*Work task:*
With the pictures left aside, write out exactly the lines of the listing below from the line with "Ahh yes, that’s" to the line with "ミャンマー軍事政権は先月28", both included, and only those.

*Data:*
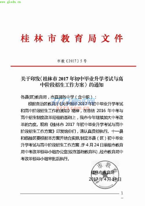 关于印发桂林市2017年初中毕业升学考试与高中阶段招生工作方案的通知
==
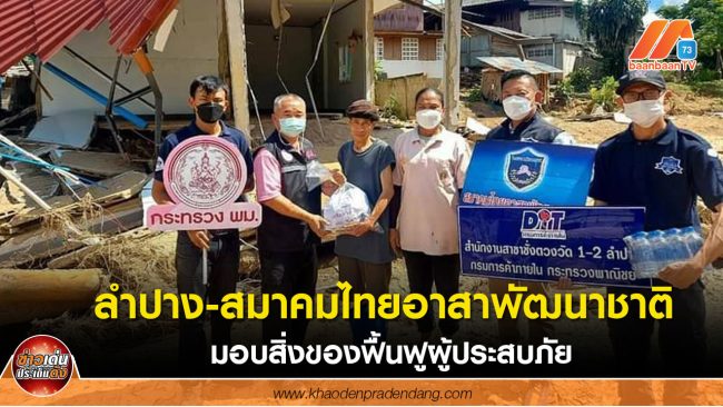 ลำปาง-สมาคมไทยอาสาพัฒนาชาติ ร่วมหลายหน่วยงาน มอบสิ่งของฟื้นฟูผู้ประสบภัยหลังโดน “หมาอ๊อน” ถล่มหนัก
---
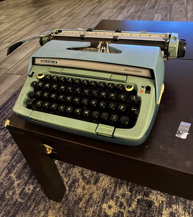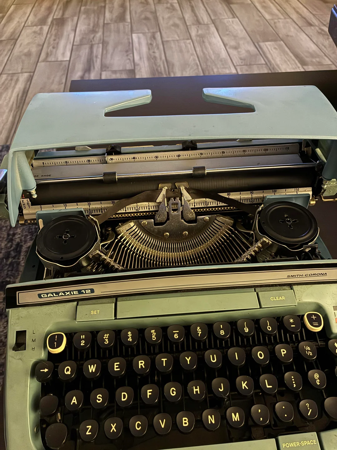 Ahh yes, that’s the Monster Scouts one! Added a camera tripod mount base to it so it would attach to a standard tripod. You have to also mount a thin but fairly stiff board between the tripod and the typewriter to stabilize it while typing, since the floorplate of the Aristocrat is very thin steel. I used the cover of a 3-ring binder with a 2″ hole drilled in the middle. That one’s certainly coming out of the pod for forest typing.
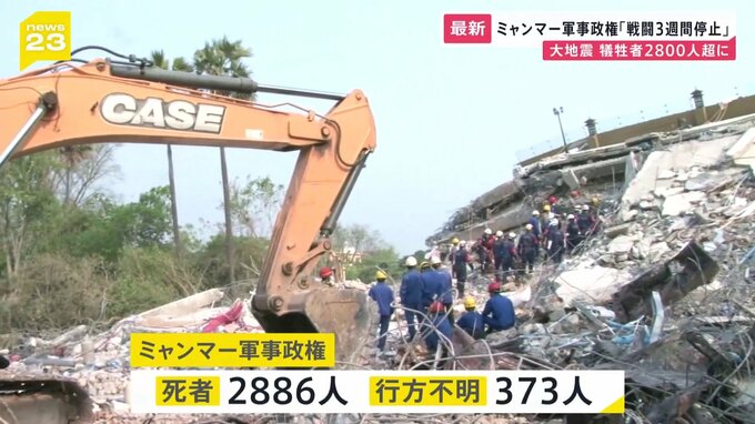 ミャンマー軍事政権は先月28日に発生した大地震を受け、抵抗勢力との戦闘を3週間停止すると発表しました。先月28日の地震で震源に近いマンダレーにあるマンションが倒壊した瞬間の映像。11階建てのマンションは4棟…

*Final answer:*
 Ahh yes, that’s the Monster Scouts one! Added a camera tripod mount base to it so it would attach to a standard tripod. You have to also mount a thin but fairly stiff board between the tripod and the typewriter to stabilize it while typing, since the floorplate of the Aristocrat is very thin steel. I used the cover of a 3-ring binder with a 2″ hole drilled in the middle. That one’s certainly coming out of the pod for forest typing.
 ミャンマー軍事政権は先月28日に発生した大地震を受け、抵抗勢力との戦闘を3週間停止すると発表しました。先月28日の地震で震源に近いマンダレーにあるマンションが倒壊した瞬間の映像。11階建てのマンションは4棟…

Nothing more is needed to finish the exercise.